[AT] Healthy Eating, was "Just checking"

Stephen Offiler soffiler at gmail.com
Thu Nov 5 15:31:40 PST 2015


On Thu, Nov 5, 2015 at 5:43 PM, Dean VP <deanvp at att.net> wrote:

> A lot of the old wives tales that go around about what food we should eat
> and shouldn't eat is similar
> to the whole Global Warming contrived issue.  Much of the data had been
> ignored, twisted or falsified
> for personal gain.


Not getting into the GW thing, but I wholeheartedly agree with the data
twisting comment.



>   What we eat and how it is cooked go hand and hand. That is overlooked.
> The general
> statement that fish is good for us never mentions how it should be cooked.

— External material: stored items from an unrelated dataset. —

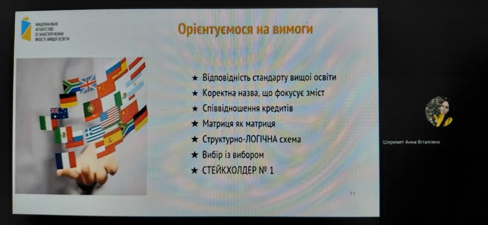 У своїй доповіді лектор зосередила основну увагу на детальному розборі перших двох розділів посібника «Роз’яснення щодо застосування Критеріїв оцінювання якості освітньої програми» від НАЗЯВО: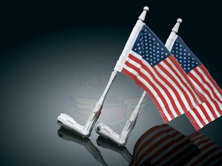 Fly your flag proudly. Highly stylized holder allows you to adjust the angle of the staff without tools. Use the flagpole included in the kit for a blended, one-piece look, or insert your own pole - the tapered holder will secure a 1/4" to 3/8" flagpole. Specifically designed for our billet aluminum luggage rack for GL1800, P/N 7151. Includes American flag (approximate size 4-1/2" x 8-1/2").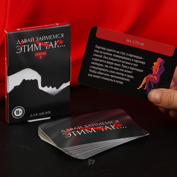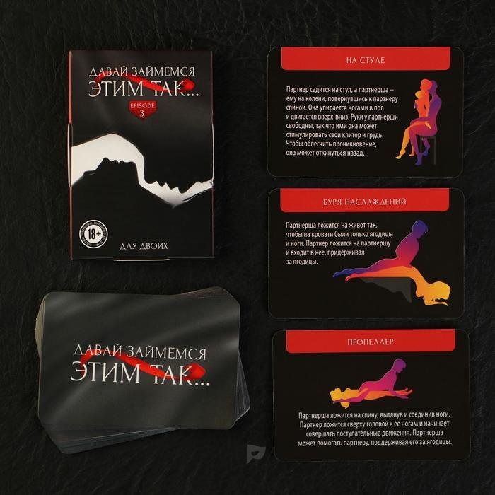 В коробке находятся 20 карточек с вариантами позиций. Тяни карточку, предлагай второй половинке сделать так и наслаждайся!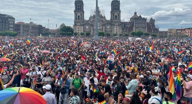 Los gritos de consignas como “y va a caer, y va a caer, la homofobia va a caer” y “no que no, sí que sí, ya volvimos a salir” inundaron las calles y el Zócalo.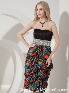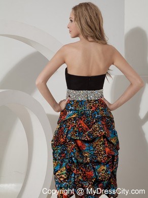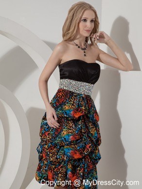 The party starts the moment you put on this sensational short party dress. A colorful short prom dress for any occasion you want to make special. The bodice features a sweet heart neckline while the waist band covers in multi-colored embellishments.The super skirt is made of modern leopard prints in bold beautiful colors and covered with layers of ruchings that give it a full sassy style that will look great on the dance floor.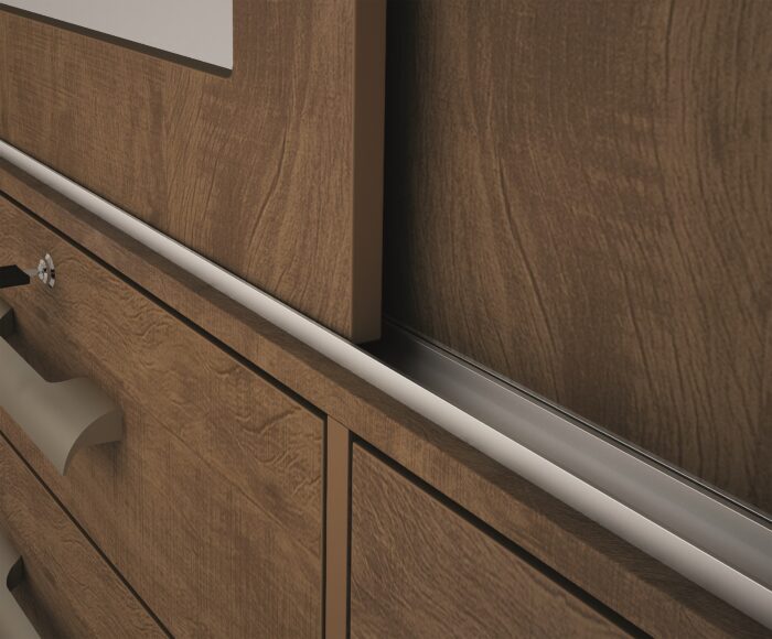 - Sistema exclusivo de Trilho inferior de alumínio com sistema anti-queda nas portas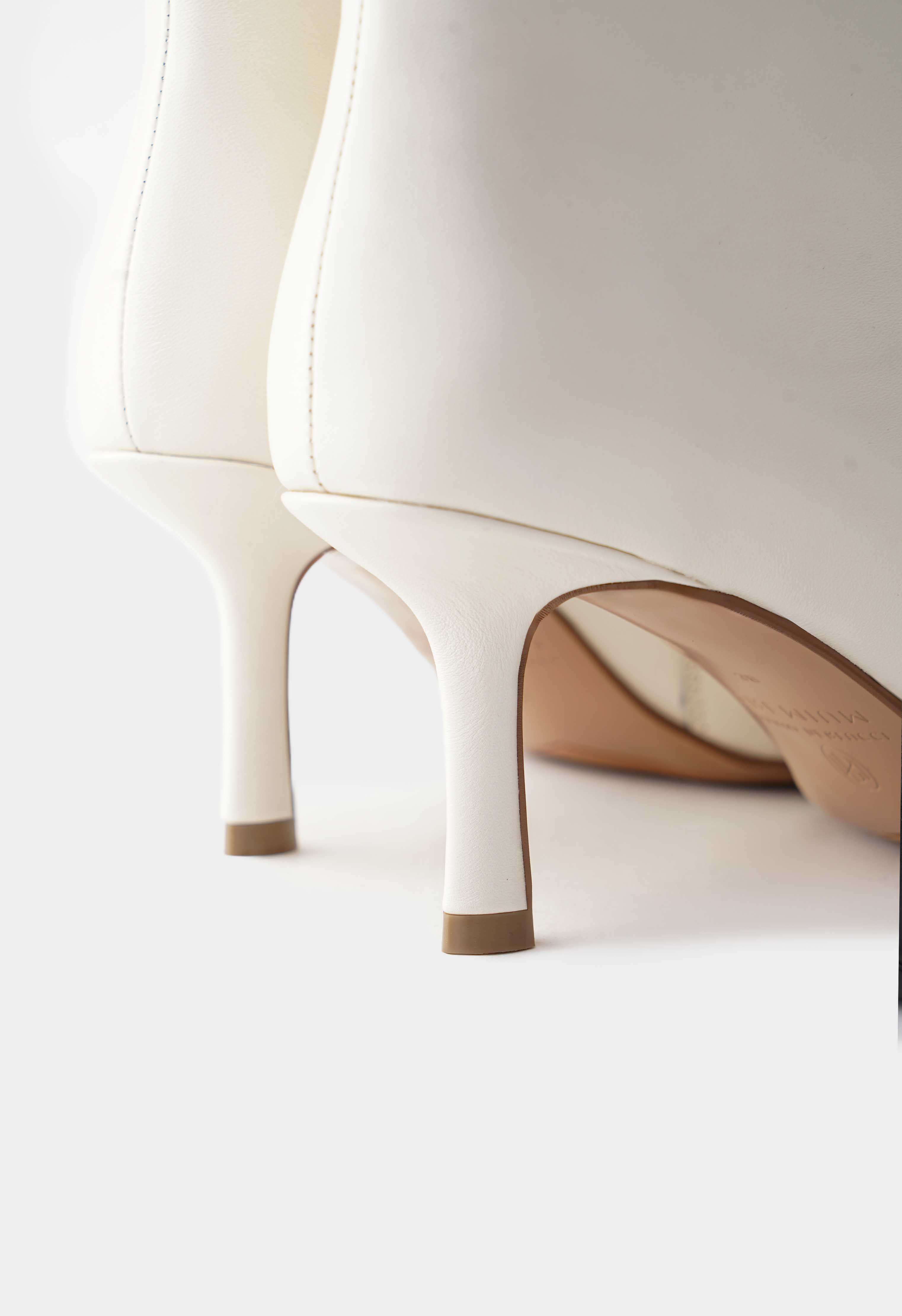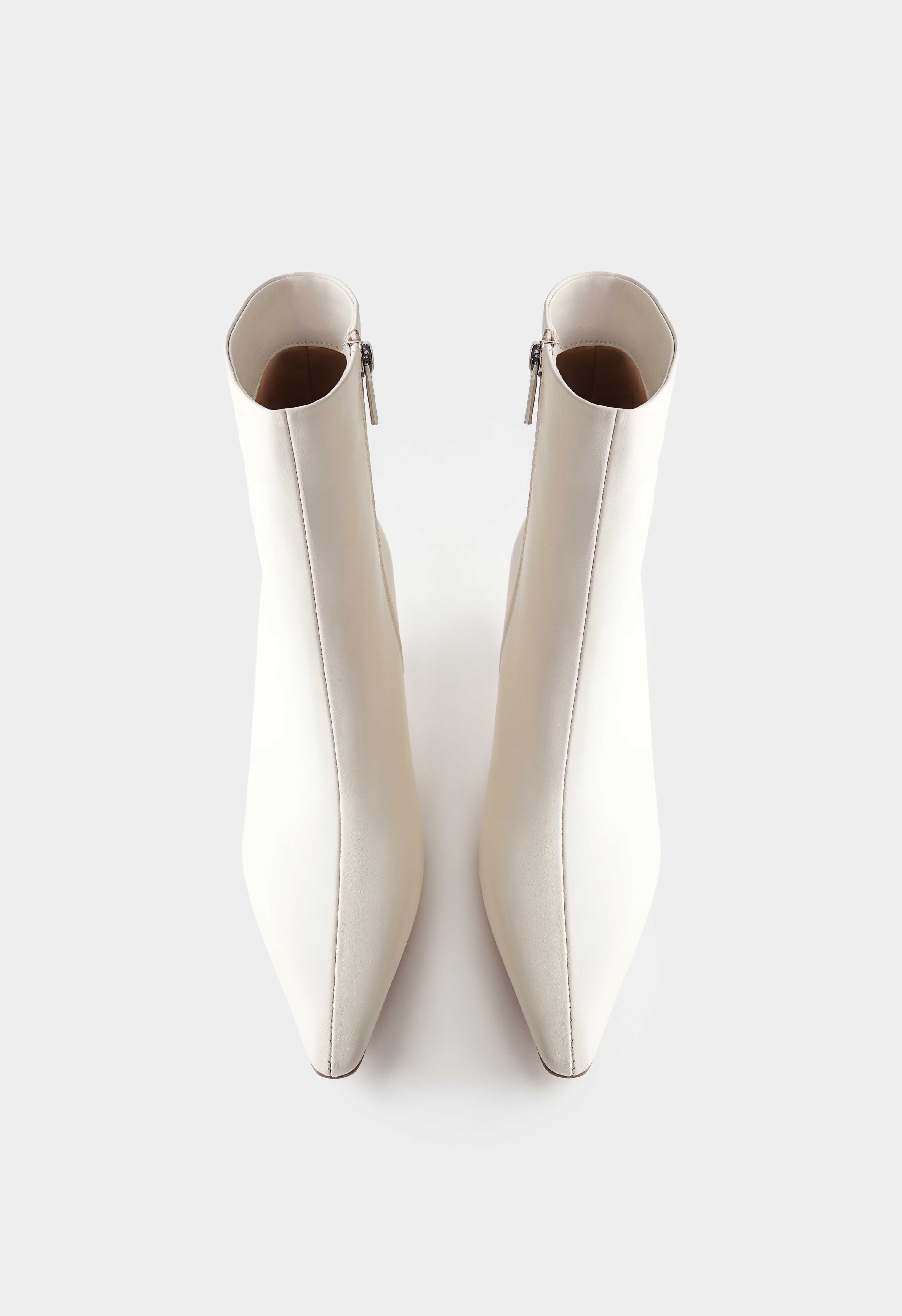 Белые ботильоны из натуральной кожи на молнии – чистая элегантность без лишнего декора, которая всегда выглядит уместно и дорого. Заостренный мысок придает силуэту графичность и визуально вытягивает ногу, а тонкая шпилька добавляет изящной высоты и делает походку более легкой. Гладкая кожа смотрится строго и аккуратно, металлик-фурнитура добавляет сдержанный акцент и подчеркивает качество исполнения. Гибкая подошва поддерживает комфортный шаг и помогает уверенно чувствовать себя в городе.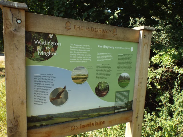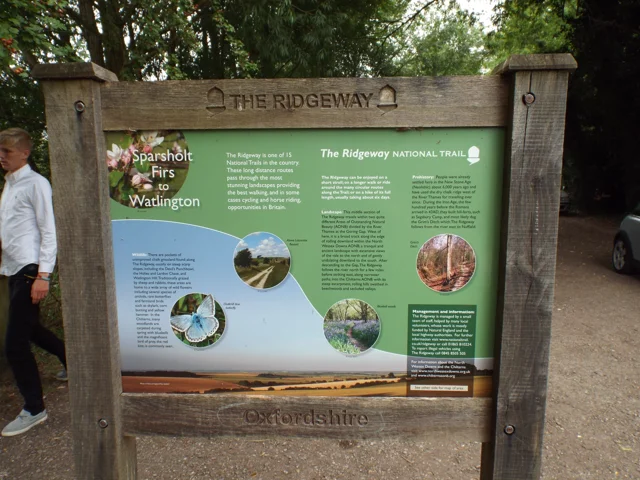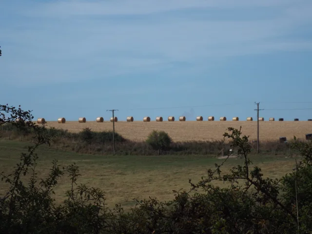 Memory of getting on the train; just! I do remember the nettles and brambles with your brother leading the way to clear a path for the inappropriately dressed one [ed: me]. For me the killer was the last stretch walking over what I remember as a ploughed field followed by the pub not being open but it did have roosting red kites opposite. I think I lost the will to continue but thanks to your encouragement (Just get on and do it!) we did indeed make it. I remember a view of Didcot from the monument overlooking Princes Risborough (memory may be dodgy) after walking up a fairly steep hill. I remember the start at Ivinghoe Beacon where we met a group who had just completed walking the Ridgeway in sections over time and asked if you could take photographs. They had walked from West to East and I remembered them towards the end when we faced into wind and rain. There was a stop in Goring for a pharmacy but I can’t remember the reason: blisters? The stack of hay bales is where we managed to get some shade from the sun whilst discussing organ workshops.

Who's doing the mentioning?  You might be listening to the wrong people.



>   The cholesterol story has
> changed over the years based on what the most recent study shows and what
> their agenda might be.
>

Hold on.  Can't let this one go.  You are not capturing what's really going
on.  The most current information on cholesterol is NOT based on the "most
recent" study.  That implies a flip-flop every time a single study comes up
with contradictory info.  The ONLY place that is true is in the mass
media.  They love to grab a scientific study, then dumb it down and
scandalize it as much as possible for public consumption.   For real
medical science, what is actually happening is that thousands of new
studies have been conducted since the cholesterol scare of the '70s and
'80s, and the well-run studies help to evolve the understanding, which has
come a LONG way since those days.



> Remember when Margarine was so much better for us than butter. Now butter
> is back in vogue.


Only "vogue" based on the mass media reports.  See comments above on
cholesterol.  Butter is back because the problems with margarine are far
better understood, and the supposed problems with butter are now understood
to be non problems.  Evolution of understanding.  It's how science works.



> Then the
> UN comes out with this latest scare. Processed food is dangerous and
> causes cancer.  If one really
> reads the whole thing their studies show that there is a 1% increase. 1%
> .... Give me a break.   The
> error rate in their study is higher than that.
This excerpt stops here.